Ainda segundo a Psicanálise, as neuroses, entre elas a lissofobia, seriam a proteção contra a perda do controle totalidade, o que funcionaria uma vez que um fusível que evitaria que o sistema elétrico de uma vivenda (no caso nosso cérebro) entrasse em colapso.
Essa sensação de estar ficando louco é na verdade a liberação exagerada de um hormônio – responsável por nos deixar alerta contra um tanto que põe nossa integridade em risco – chamado cortisol. Junte-se a isto a incapacidade do cérebro de dar um significado ao evento, ao constatar a falta de um objeto real a ser temido. A oriente desconforto causado pelo estranho evento psíquico chamamos de crise de impaciência ou crise de angústia.

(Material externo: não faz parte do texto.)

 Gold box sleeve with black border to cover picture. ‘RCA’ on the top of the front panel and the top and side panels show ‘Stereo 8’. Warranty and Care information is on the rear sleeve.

Na visão da Psicanálise, ainda que inconscientemente afetos se acumulem e sejam os responsáveis pelo surgimento da impaciência, nosso computador, que fica entre as nossas orelhas, não teria uma vez que acessar esta segmento do HD, restando à pessoa viver o processo sem conseguir simboliza-lo ou dar um sentido ao fenômeno. Isso explica as pavorosas angústias provenientes de crises de impaciência, inclusive a falsa sensação de estar “pirando”.
Devido à arquitetura do nosso cérebro capaz de produzir mais perguntas que respostas, a falta de sentido é de longe o maior gerador de impaciência que um ser humano pode vivenciar, seja na procura de um macro ou de um micro significado, isto é, desde atribuir uma lógica a um sintoma até buscar um sentido para a própria existência.

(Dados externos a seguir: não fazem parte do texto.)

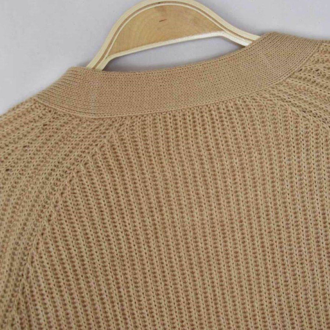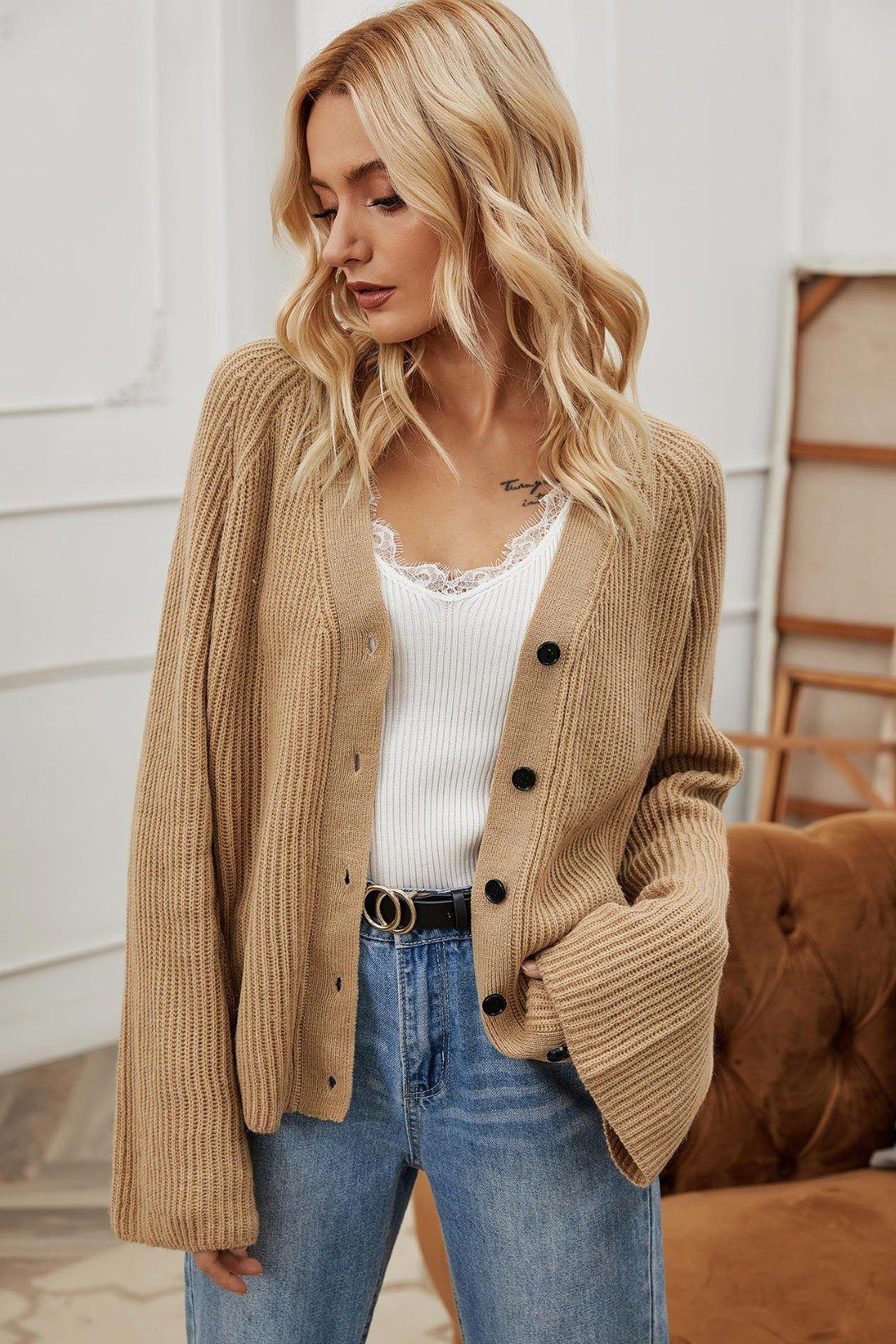 Fashion Buckle V-Neck Flared Sleeve Knit Top

O processo é reforçado ainda por uma sociedade em que se valoriza a procura e geração do maior número de estímulos em forma de informações. É oriundo assim, que nos deparemos com inúmeras situações onde precisamos fazer escolhas no menor tempo verosímil, e que, em não raras vezes, mal temos tempo de valer ou dar a elas um real sentido. Importante frisar que toda escolha, por mais insignificante que possa parecer, pretexto estresse.

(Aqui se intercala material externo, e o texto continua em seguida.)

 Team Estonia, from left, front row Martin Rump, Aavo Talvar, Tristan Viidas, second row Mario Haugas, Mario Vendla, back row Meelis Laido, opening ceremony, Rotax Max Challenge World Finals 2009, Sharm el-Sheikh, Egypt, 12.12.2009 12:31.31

Não são poucos filósofos e profissionais psi que atribuem a invenção de um sentido existencial à profilaxia para as angústias humanas. Pensadores uma vez que Heidegger e sua visão ontológica do viver, Viktor Frankl e sua Logoterapia, Winnicott, Gabriel Honoré Marcel e tantos outros ressaltaram a força determinante que o sentido exerce na existência humana.
Modernos psicofármacos têm se mostrado eficientes em moderar os sintomas, que tendem a ser retro alimentados pela própria impaciência com que os pensamentos tentam dar, sem sucesso, um sentido a estas crises. Isto é, quanto mais eu tento desvendar uma vez que funciona o processo da impaciência, mais eu não encontro respostas, o que, por sua vez, alimenta cada vez mais o desconforto.
Palato das palavras de Nichan Dichtchekenian, um dos mais brilhantes terapeutas existenciais do Brasil, que ao tratar do tema já agrega à angústia um porquê: “o pânico causado pela impaciência zero mais é do que o prenúncio de uma transformação. É o proclamação de uma novidade possibilidade de ser, no sentido em que efetivamente essa novidade possibilidade anuncia um risco real que é o de eu deixar a privança em relação a quem eu já sou”.
Se o fenômeno em si, da sensação de enlouquecer diante de uma impaciência sem explicação, está acobertando um mal estar maduro diante de um vazio existencial, é importante que ao atentarmos para a termo “VAZIO” lembremos que qualquer falta de teor pressupõe espaço livre para ser preenchido com um tanto. Com o quê? Talvez esteja aí um dos sentidos da existência: desvendar o que pode preencher oriente vazio…
Fernando Savaglia é Psicanalista didata, membro docente e coordenador do Núcleo Winnicott da Sociedade Paulista Psicanálise (SPP).